From January 7, MUL's showroom in the 11 designated
cities will sell both BS-II and BS-III version of the
three models.
From April 1, 2005, only BS-III versions of all models
will be available in the National Capital Region, Chennai,
Mumbai, Kolkata, Ahmedabad, Bangalore, Hyderabad, Secunderabad,
Kanpur, Pune, Agra and Surat.
Bharat Stage III emission norms are expected to bring
down the sulphur content in petrol and diesel to 350ppm
(particulate per million) from the present 500ppm.

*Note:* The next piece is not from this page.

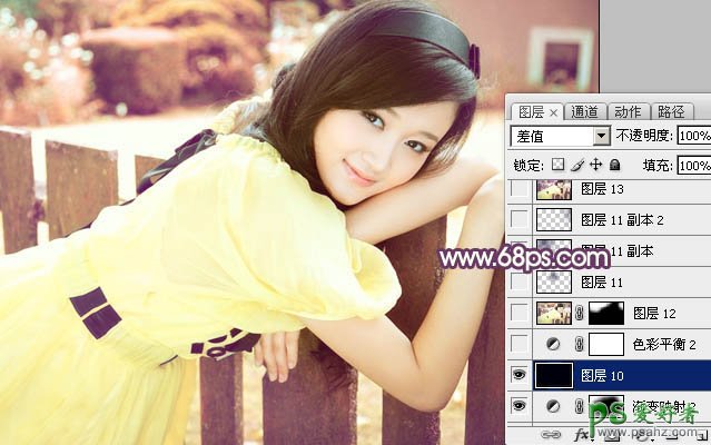 PS调色教程:给可爱的小美妞调出淡黄色效果
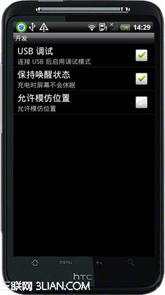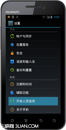 Android 4.0的打開方式有所不同,同樣的方法進入設置界面後找到“開發人員選項”, 選擇進入後並勾選 USB調試

A company release from MUL said that BS-III norms are
more stringent than BS-II norms in terms of emission,
as the emission limit has been reduced for hydrocarbons
and nitrogen oxides.
Welspun expands retail network
Welspun India, part of the Rs 2,000-crore Welspun Group,
is planning to begin retailing its products and will
open its first concept store in Mumbai in February this
year.
The company is investing heavily in opening exclusive 'Spaces' stores across the country and is aiming at opening of 20 such concept stores during next one year.
The stores would be owned and run by Welspun domestic retail division and would function as independent profit centres.